Data to use
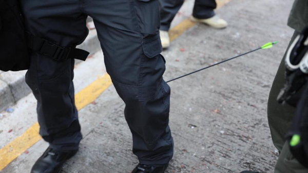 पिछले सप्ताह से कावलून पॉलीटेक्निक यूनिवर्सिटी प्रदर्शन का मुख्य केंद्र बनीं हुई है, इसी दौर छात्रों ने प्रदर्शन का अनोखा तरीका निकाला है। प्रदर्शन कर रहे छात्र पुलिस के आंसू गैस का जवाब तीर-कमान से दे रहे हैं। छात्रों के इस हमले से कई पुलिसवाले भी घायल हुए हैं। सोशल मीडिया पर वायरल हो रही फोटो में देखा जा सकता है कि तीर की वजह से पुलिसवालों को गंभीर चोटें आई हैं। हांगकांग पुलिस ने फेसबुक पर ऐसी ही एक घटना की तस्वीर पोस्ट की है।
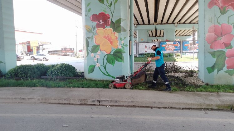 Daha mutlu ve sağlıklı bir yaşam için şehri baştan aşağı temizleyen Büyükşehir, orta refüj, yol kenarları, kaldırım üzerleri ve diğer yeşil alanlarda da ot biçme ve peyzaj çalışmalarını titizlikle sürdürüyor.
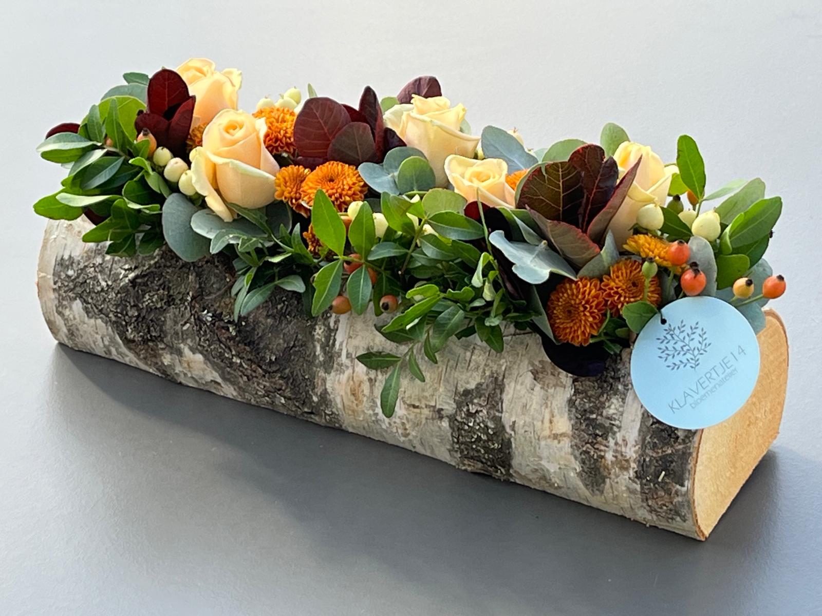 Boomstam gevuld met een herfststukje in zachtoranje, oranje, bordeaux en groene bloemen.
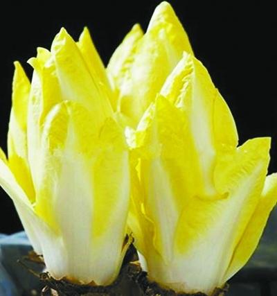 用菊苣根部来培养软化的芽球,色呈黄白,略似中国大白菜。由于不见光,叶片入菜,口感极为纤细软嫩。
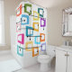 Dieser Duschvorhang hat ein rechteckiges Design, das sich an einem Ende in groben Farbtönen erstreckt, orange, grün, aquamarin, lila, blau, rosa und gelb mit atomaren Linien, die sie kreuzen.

...

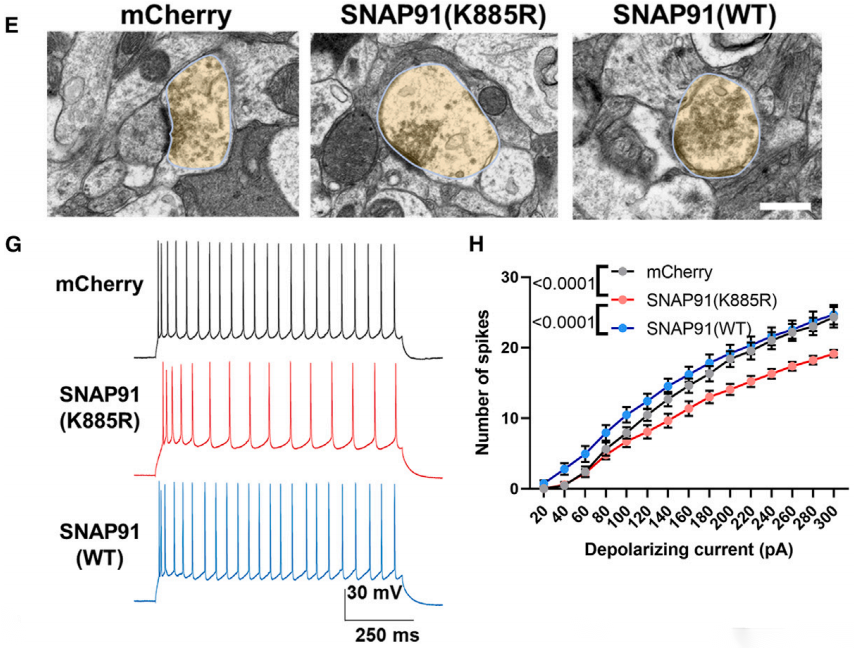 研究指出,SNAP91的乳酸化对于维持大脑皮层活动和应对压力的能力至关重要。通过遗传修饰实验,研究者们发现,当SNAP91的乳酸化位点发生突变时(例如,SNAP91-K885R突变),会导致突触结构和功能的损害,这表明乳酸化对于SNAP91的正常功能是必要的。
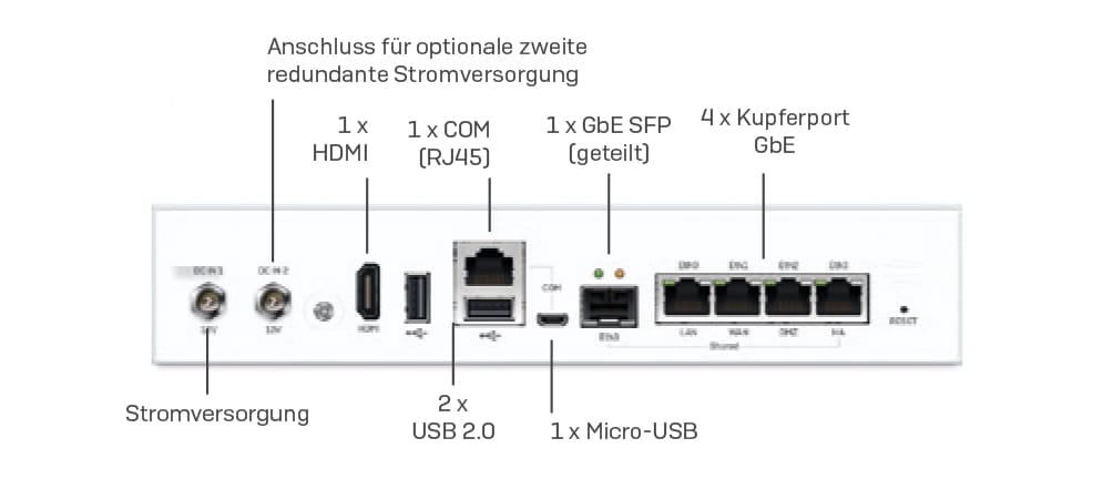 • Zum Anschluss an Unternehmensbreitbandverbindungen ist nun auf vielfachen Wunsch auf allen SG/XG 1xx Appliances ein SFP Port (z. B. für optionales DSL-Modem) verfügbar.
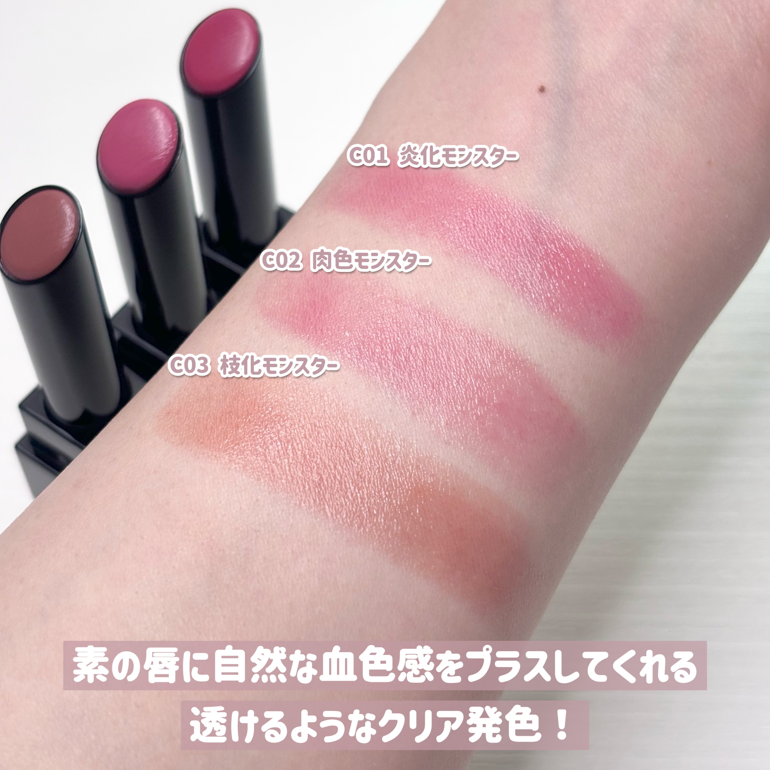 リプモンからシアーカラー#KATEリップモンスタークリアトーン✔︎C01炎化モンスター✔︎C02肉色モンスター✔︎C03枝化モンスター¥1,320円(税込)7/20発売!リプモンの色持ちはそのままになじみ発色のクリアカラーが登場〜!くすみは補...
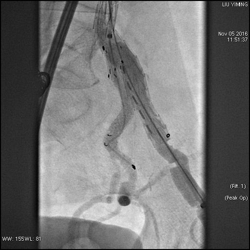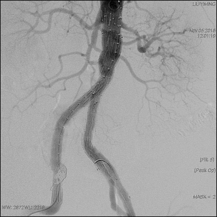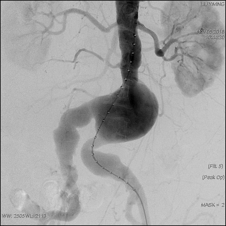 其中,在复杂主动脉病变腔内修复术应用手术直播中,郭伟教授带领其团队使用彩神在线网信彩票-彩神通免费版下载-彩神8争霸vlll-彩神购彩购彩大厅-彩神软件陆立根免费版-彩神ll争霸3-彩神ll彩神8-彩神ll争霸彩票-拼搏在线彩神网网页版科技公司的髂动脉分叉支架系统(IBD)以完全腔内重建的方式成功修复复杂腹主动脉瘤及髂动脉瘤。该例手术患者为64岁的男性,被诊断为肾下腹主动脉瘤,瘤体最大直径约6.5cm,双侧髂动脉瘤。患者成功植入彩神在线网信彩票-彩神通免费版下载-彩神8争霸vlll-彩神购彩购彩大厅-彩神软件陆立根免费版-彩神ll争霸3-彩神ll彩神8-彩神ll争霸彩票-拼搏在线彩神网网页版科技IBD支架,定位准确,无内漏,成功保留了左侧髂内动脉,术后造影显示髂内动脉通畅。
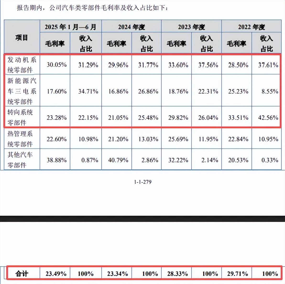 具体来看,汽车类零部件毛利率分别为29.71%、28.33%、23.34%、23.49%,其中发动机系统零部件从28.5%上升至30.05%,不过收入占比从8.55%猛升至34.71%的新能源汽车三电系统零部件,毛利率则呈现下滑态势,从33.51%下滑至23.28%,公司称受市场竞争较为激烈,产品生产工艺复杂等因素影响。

Exercise aim
Using the data above, retype exactly and only the lines from the one containing "リプモンからシアーカラー#K" up to and including the one containing "具体来看,汽车类零部件毛利率", with no pictures carried over.

Answer for the task
 リプモンからシアーカラー#KATEリップモンスタークリアトーン✔︎C01炎化モンスター✔︎C02肉色モンスター✔︎C03枝化モンスター¥1,320円(税込)7/20発売!リプモンの色持ちはそのままになじみ発色のクリアカラーが登場〜!くすみは補...
 其中,在复杂主动脉病变腔内修复术应用手术直播中,郭伟教授带领其团队使用彩神在线网信彩票-彩神通免费版下载-彩神8争霸vlll-彩神购彩购彩大厅-彩神软件陆立根免费版-彩神ll争霸3-彩神ll彩神8-彩神ll争霸彩票-拼搏在线彩神网网页版科技公司的髂动脉分叉支架系统(IBD)以完全腔内重建的方式成功修复复杂腹主动脉瘤及髂动脉瘤。该例手术患者为64岁的男性,被诊断为肾下腹主动脉瘤,瘤体最大直径约6.5cm,双侧髂动脉瘤。患者成功植入彩神在线网信彩票-彩神通免费版下载-彩神8争霸vlll-彩神购彩购彩大厅-彩神软件陆立根免费版-彩神ll争霸3-彩神ll彩神8-彩神ll争霸彩票-拼搏在线彩神网网页版科技IBD支架,定位准确,无内漏,成功保留了左侧髂内动脉,术后造影显示髂内动脉通畅。
 具体来看,汽车类零部件毛利率分别为29.71%、28.33%、23.34%、23.49%,其中发动机系统零部件从28.5%上升至30.05%,不过收入占比从8.55%猛升至34.71%的新能源汽车三电系统零部件,毛利率则呈现下滑态势,从33.51%下滑至23.28%,公司称受市场竞争较为激烈,产品生产工艺复杂等因素影响。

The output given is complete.